Elle remplace une main qui serait placée, au mieux, au niveau des genoux du cavalier, et qui saurait rendre dès que le cheval cesse ses résistances vers le haut, par tétanisation des muscles du dessus de l'encolure.
Et comme tous les enrênements, elle n'a aucune sensibilité. Si tu n'as pas une idée exacte du placer que tu recherches à l'instant T en fonction du type de résistance que tu rencontres dans ta relation à la bouche du cheval, tu ne sauras pas les règler, ces foutues RA, ni d'ailleurs les problèmes.

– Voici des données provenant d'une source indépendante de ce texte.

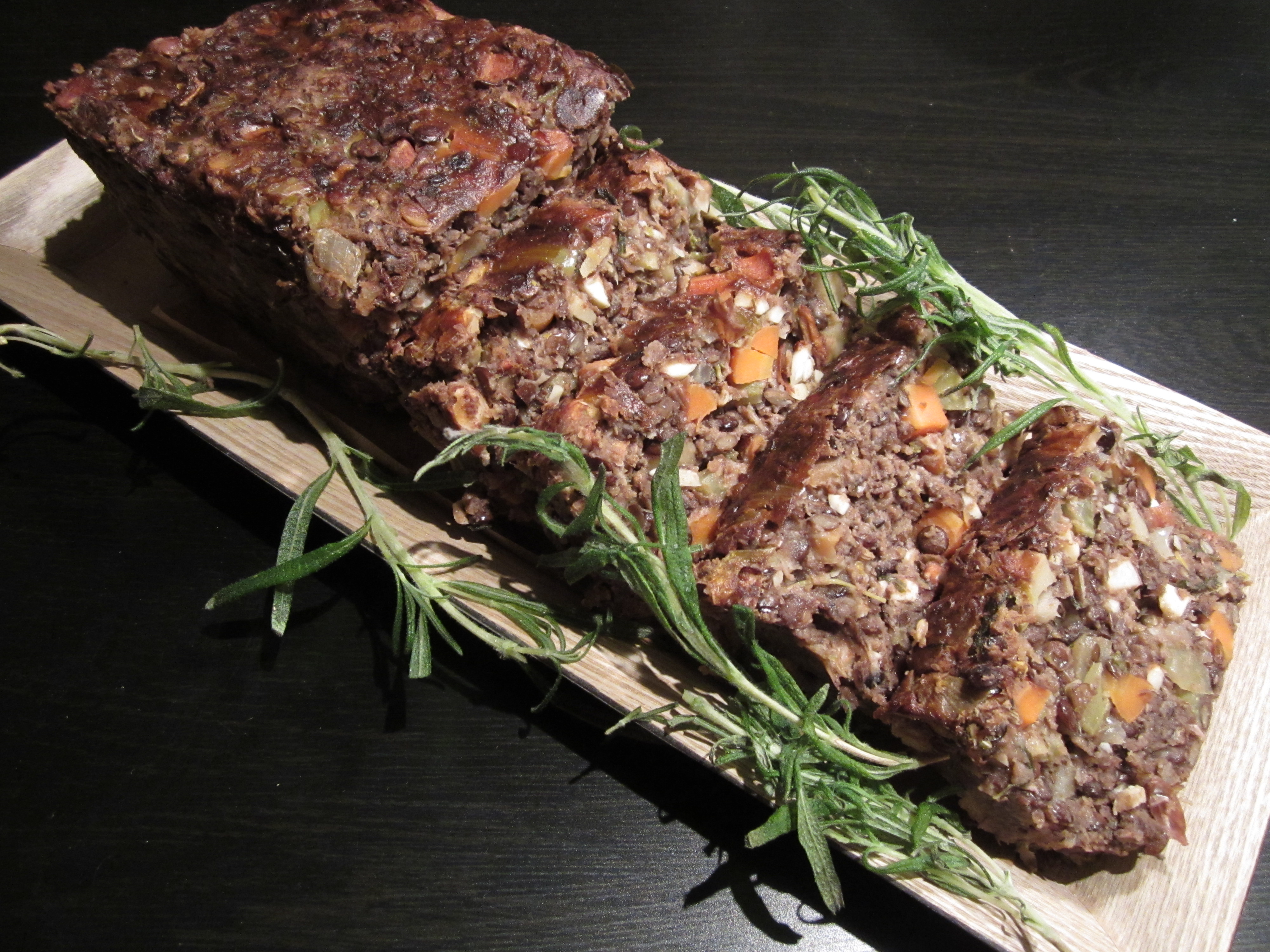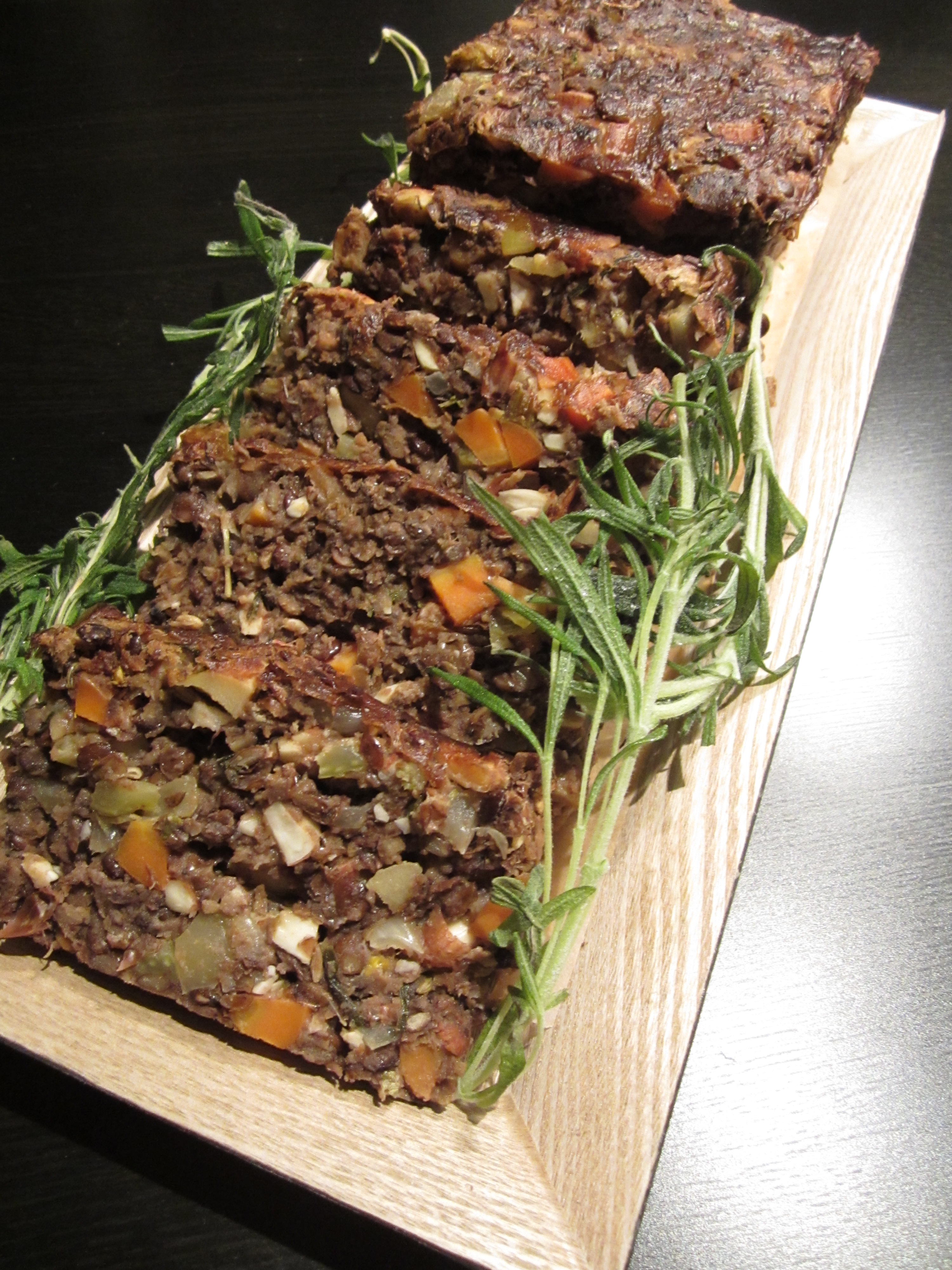 Vend grønnsaksblandingen inn med linsene. Bland så inn eplemos og grovt hakkede mandler. Ha i en ferdig smurt brødform. Jeg toppet steken med sjysaus fra Rimi som glasur.

Pour moi elles ont fait beaucoup de dégâts depuis qu'elles sont revenues à la mode, parce que leur puissance donne aux cavaliers l'illusion de maîtriser la situation. Mais elles éteignent, pire, elles cassent les malheureux esclaves qui ont eu à les souffrir. Et s'il leur reste du tempérament après la torture qu'elle leur a imposée, ils redeviennent d'autant plus difficiles dès qu'on essaye de se passer de l'enrênement.
A la fin des années 80, quand je venais de passer mon monitorat, on m'a confié une new forest très qualiteuse et réactive qui traînait depuis deux mois dans un boxe, après avoir chuté avec son jeune cavalier et lui avoir cassé un bras. Les parents m'ont demandé si je voulais bien la retravailler assez pour pouvoir remettre leur fils en selle dans la confiance.
J'ai bossé beaucoup à la longe, pour ne pas déranger cette bonne et ardente poneytte avec mes 65 kilos, et la jument a retrouvé goût au boulot. Après un mois, j'ai commencé à la monter, beaucoup au pas au début, puis de proche en proche à toutes les allures, et cette bonne bête m'étonnait par sa réactivité et ses aptitudes à s'équilibrer malgré mon poids important pour elle. (elle toisait 1,40m)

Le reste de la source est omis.